Authors: Nils Jansen, Bettina Könighofer, Sebastian Junges, Alex Serban, and Roderick Bloem

Published in: LIPIcs, Volume 171, 31st International Conference on Concurrency Theory (CONCUR 2020)


Abstract
This paper concerns the efficient construction of a safety shield for reinforcement learning. We specifically target scenarios that incorporate uncertainty and use Markov decision processes (MDPs) as the underlying model to capture such problems. Reinforcement learning (RL) is a machine learning technique that can determine near-optimal policies in MDPs that may be unknown before exploring the model. However, during exploration, RL is prone to induce behavior that is undesirable or not allowed in safety- or mission-critical contexts.

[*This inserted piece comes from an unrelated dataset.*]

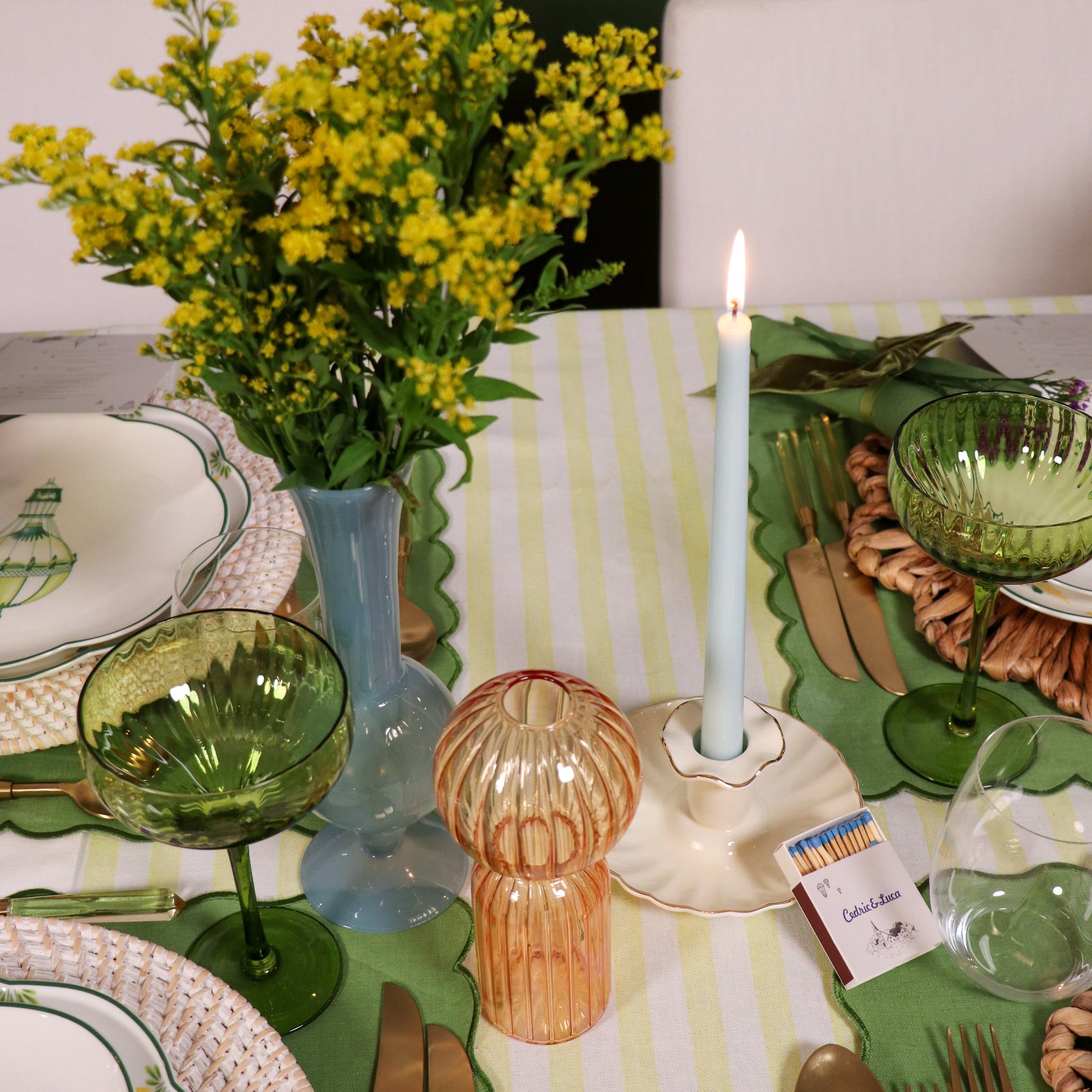 Délicate comme un nuage, cette bougie conique arbore une teinte bleu bébé sereine, apportant une aura apaisante à votre espace.
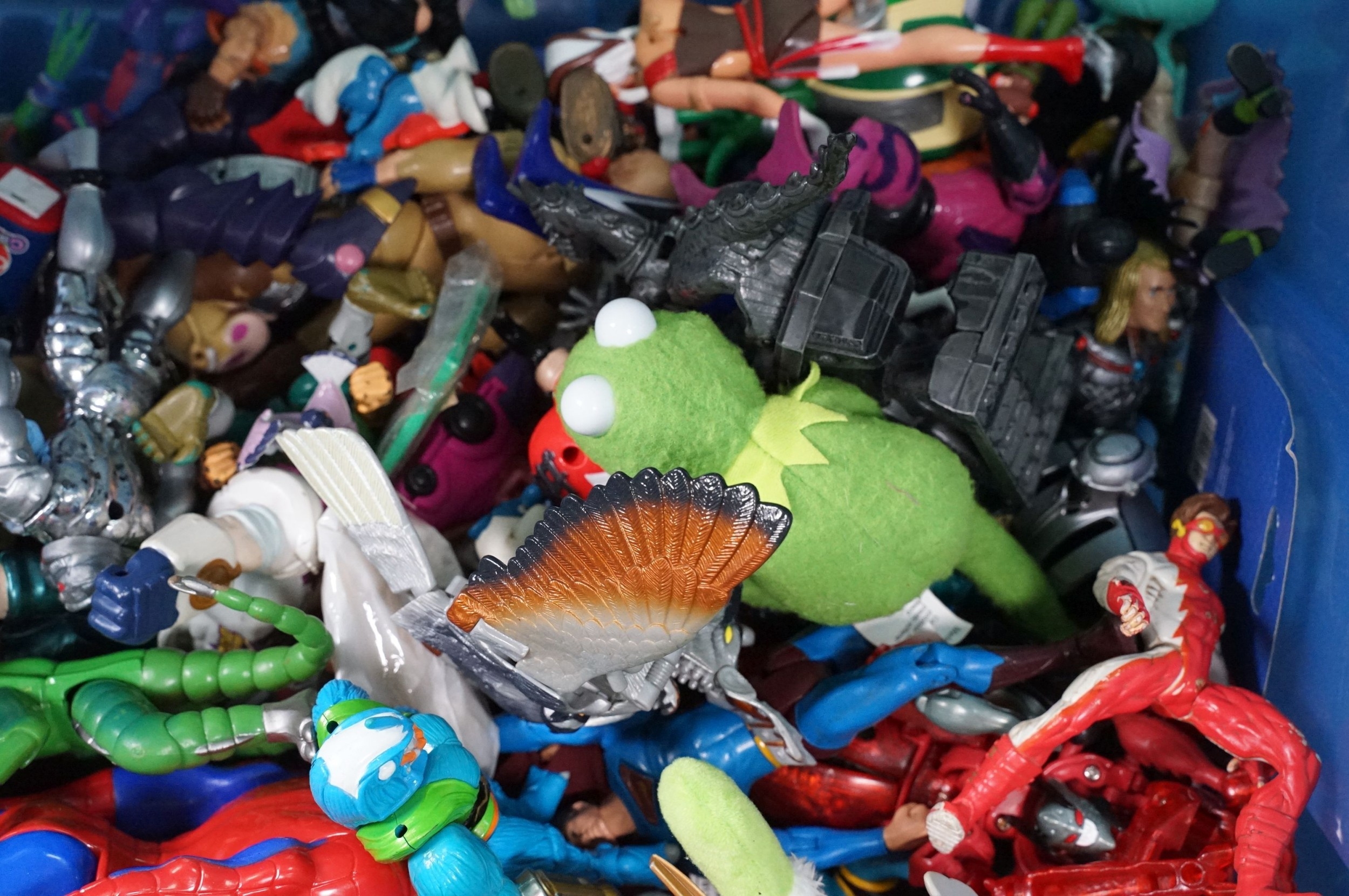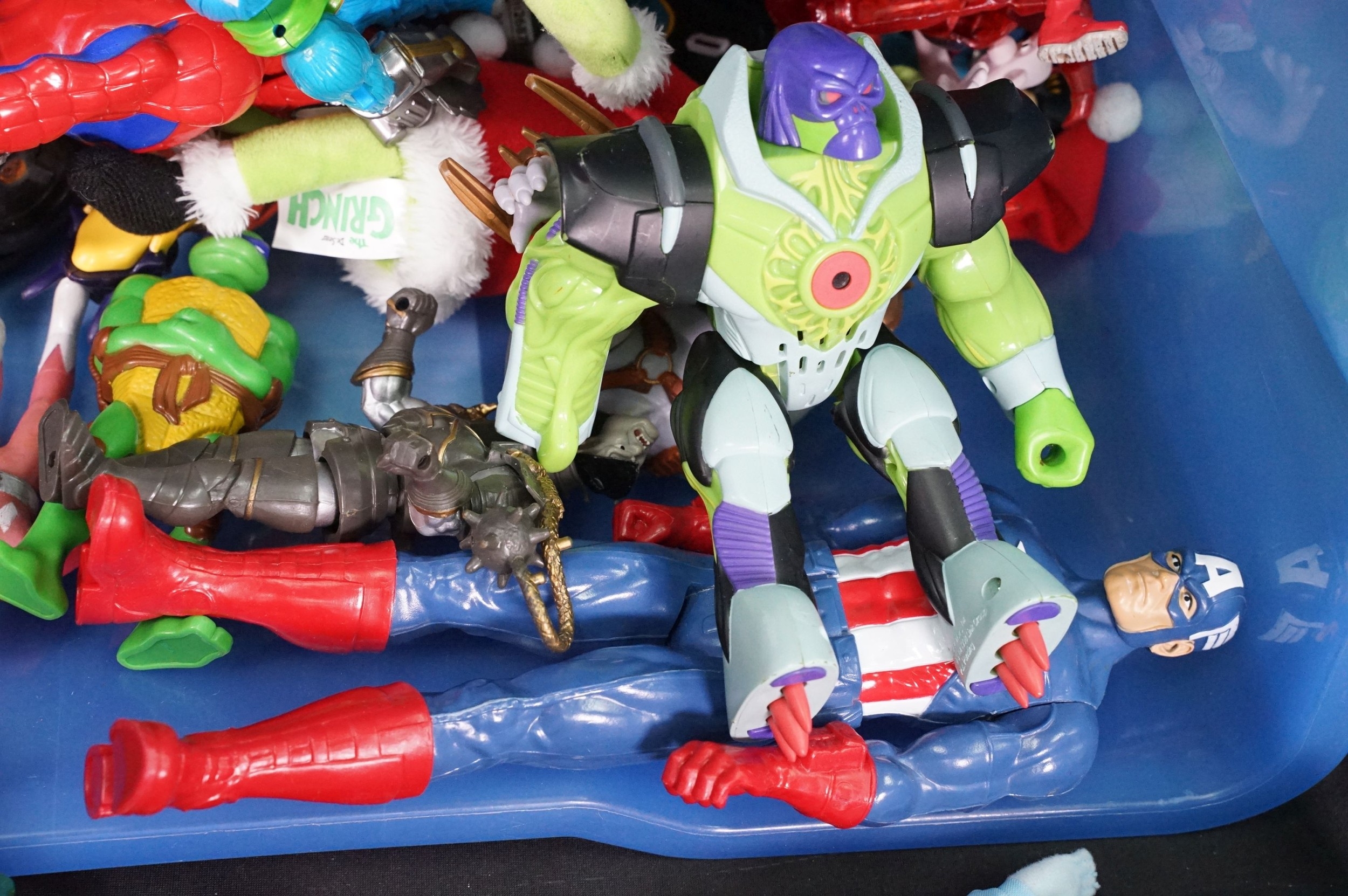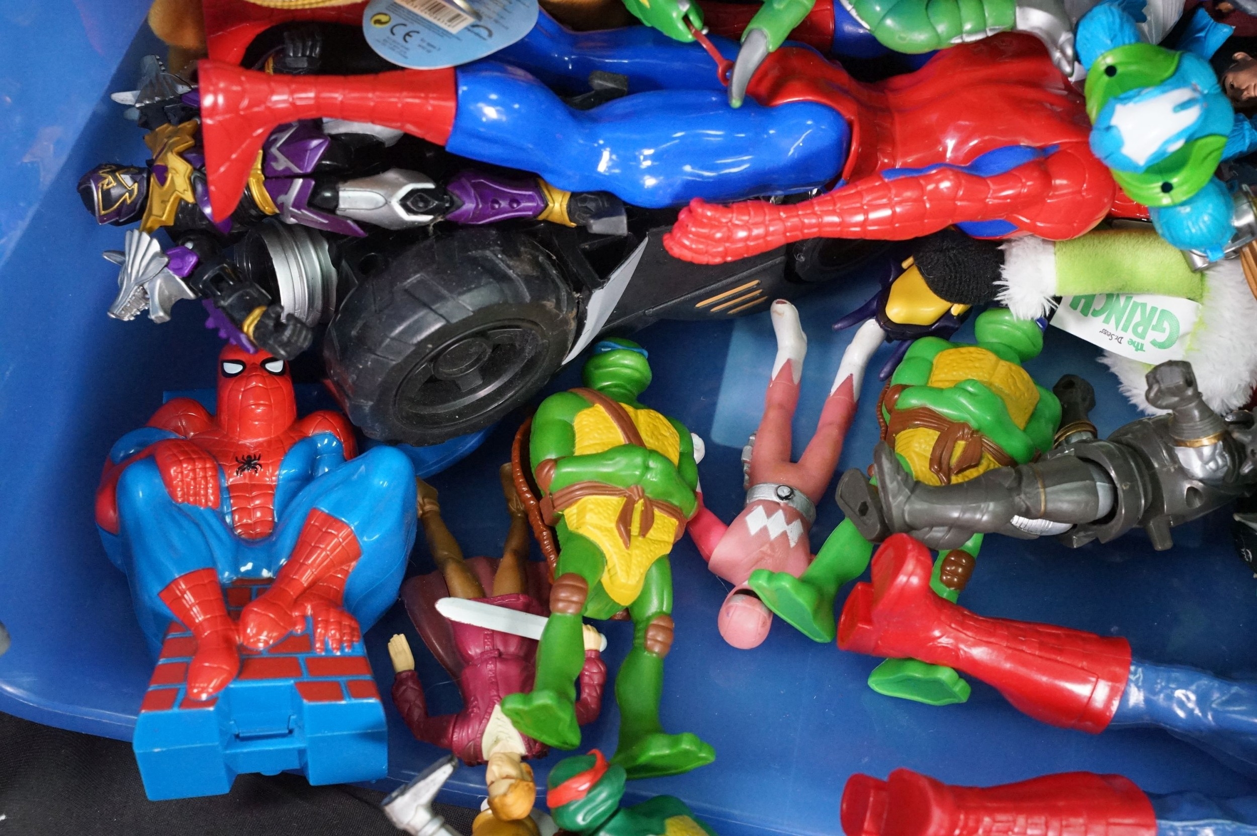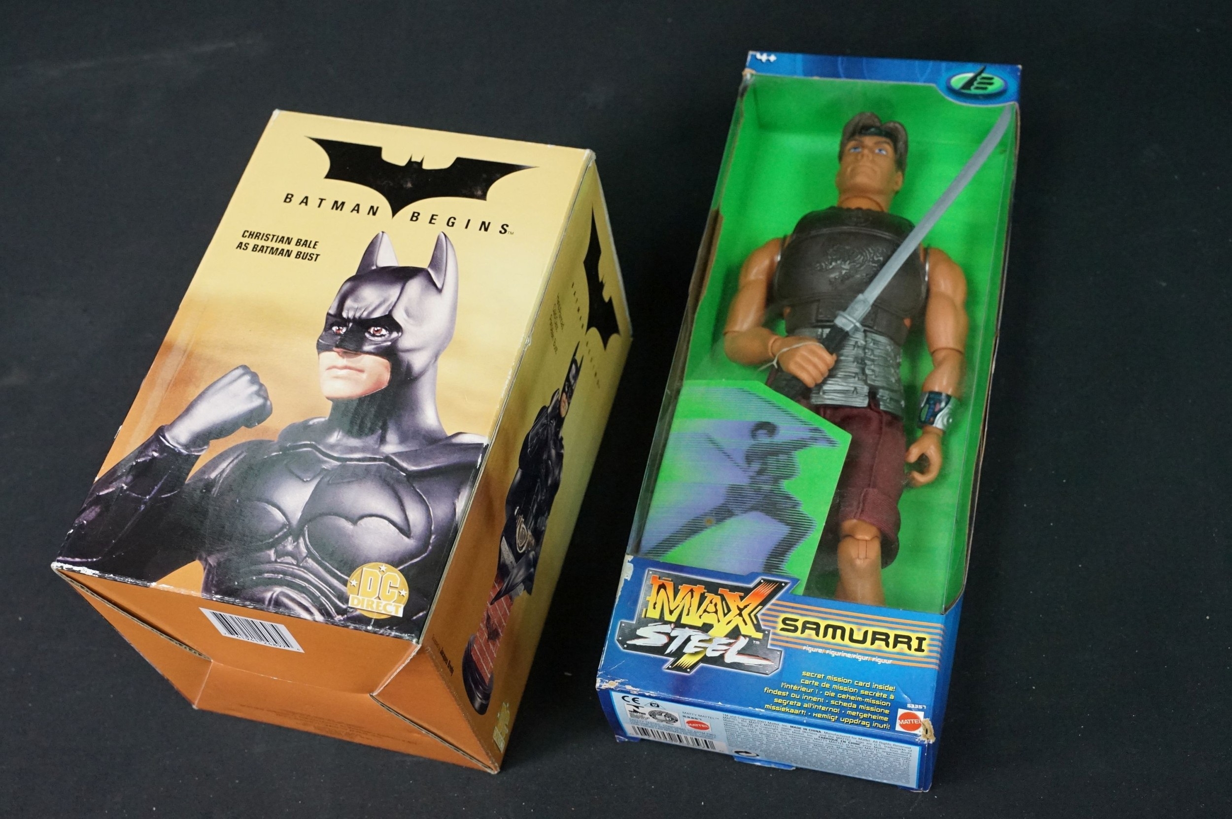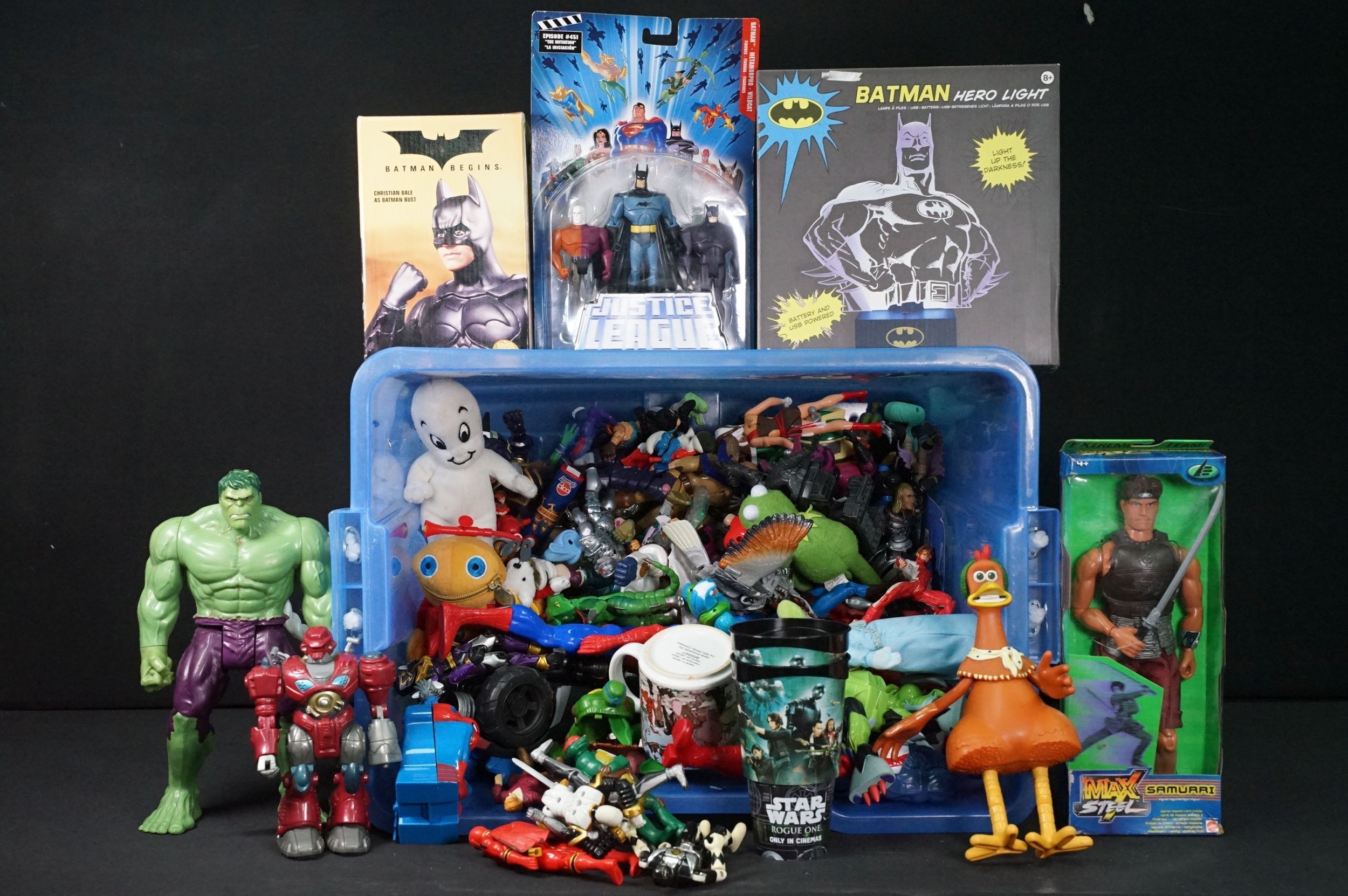 Collection of circa 1990s onwards TV / Sci Fi / Superhero related action figures to include boxed DC Direct Batman Begins Christian Bake Bust, boxed Mattel Max Steel Samurri figure, carded Mattel DC Justice League Unlimited 3 figure set, Disney figures, Teenage Mutant Ninja Turtles, Marvel etc

We introduce the concept of a probabilistic shield that enables RL decision-making to adhere to safety constraints with high probability. We employ formal verification to efficiently compute the probabilities of critical decisions within a safety-relevant fragment of the MDP. These results help to realize a shield that, when applied to an RL algorithm, restricts the agent from taking unsafe actions, while optimizing the performance objective. We discuss tradeoffs between sufficient progress in the exploration of the environment and ensuring safety. In our experiments, we demonstrate on the arcade game PAC-MAN and on a case study involving service robots that the learning efficiency increases as the learning needs orders of magnitude fewer episodes.

Cite as

Nils Jansen, Bettina Könighofer, Sebastian Junges, Alex Serban, and Roderick Bloem. Safe Reinforcement Learning Using Probabilistic Shields (Invited Paper). In 31st International Conference on Concurrency Theory (CONCUR 2020). Leibniz International Proceedings in Informatics (LIPIcs), Volume 171, pp. 3:1-3:16, Schloss Dagstuhl – Leibniz-Zentrum für Informatik (2020)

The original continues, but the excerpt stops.